Assigned task: Transcribe only part of the material below: the lines from the one containing "Схема нарезки сыров: а" through the one containing "ベルトデザインが個性的!足に優しいソフト山羊革ブーツ!", inclusive, exactly as written.

Records:
::::
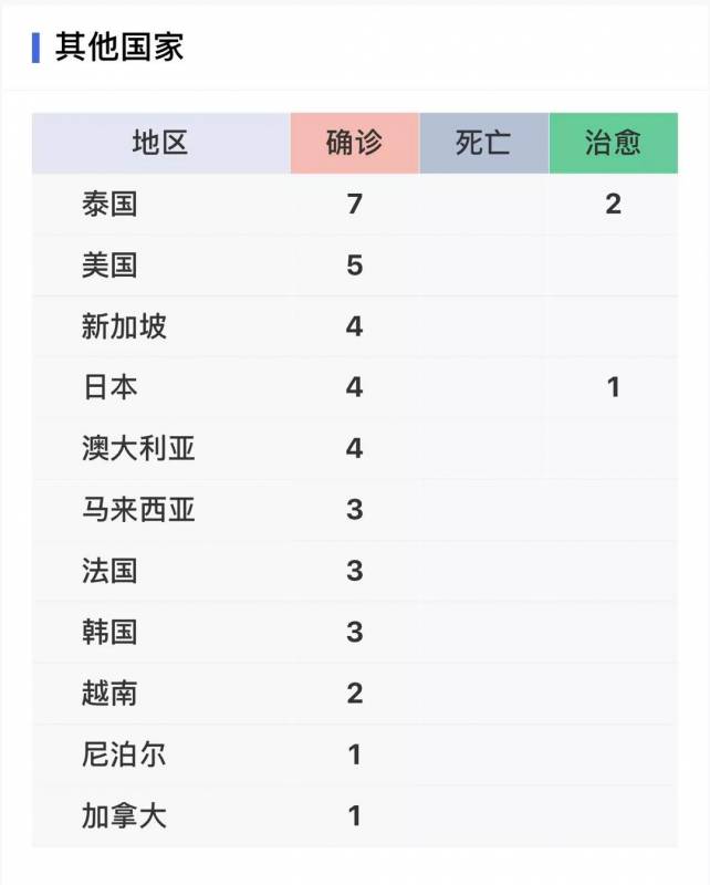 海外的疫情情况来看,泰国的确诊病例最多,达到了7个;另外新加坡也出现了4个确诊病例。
::::
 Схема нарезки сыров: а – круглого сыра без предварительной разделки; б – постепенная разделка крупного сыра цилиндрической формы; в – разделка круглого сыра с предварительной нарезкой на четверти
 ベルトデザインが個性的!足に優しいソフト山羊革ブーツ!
::::
Result below:
 Схема нарезки сыров: а – круглого сыра без предварительной разделки; б – постепенная разделка крупного сыра цилиндрической формы; в – разделка круглого сыра с предварительной нарезкой на четверти
 ベルトデザインが個性的!足に優しいソフト山羊革ブーツ!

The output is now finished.